[Opening Exercise data section]

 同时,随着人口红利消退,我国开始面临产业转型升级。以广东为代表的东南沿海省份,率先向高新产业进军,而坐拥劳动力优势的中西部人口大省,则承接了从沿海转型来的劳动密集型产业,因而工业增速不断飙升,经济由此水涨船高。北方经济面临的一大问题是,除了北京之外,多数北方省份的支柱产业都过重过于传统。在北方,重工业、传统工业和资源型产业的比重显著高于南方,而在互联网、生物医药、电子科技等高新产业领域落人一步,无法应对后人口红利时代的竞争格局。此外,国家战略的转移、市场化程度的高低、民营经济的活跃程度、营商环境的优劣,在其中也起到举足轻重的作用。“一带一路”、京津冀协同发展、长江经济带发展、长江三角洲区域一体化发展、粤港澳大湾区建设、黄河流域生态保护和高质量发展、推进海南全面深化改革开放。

[Closing Exercise data section]
[Opening Exercise data section]

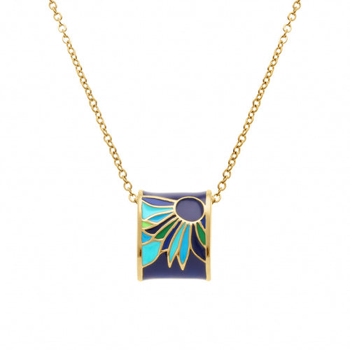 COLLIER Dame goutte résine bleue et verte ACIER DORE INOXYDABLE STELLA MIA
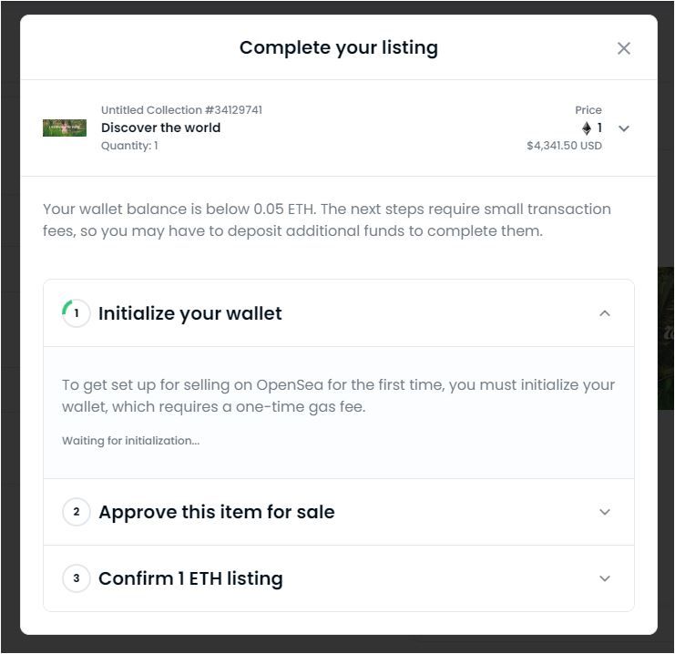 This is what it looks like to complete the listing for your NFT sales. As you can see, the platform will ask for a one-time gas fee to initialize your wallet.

[Closing Exercise data section]

- [Aim of the task] Above are some records; quote exactly and only the lines that begin at the line containing "COLLIER Dame goutte" and stop after the line containing "This is what", leaving out the pictures.

- [Problem solution]
 COLLIER Dame goutte résine bleue et verte ACIER DORE INOXYDABLE STELLA MIA
 This is what it looks like to complete the listing for your NFT sales. As you can see, the platform will ask for a one-time gas fee to initialize your wallet.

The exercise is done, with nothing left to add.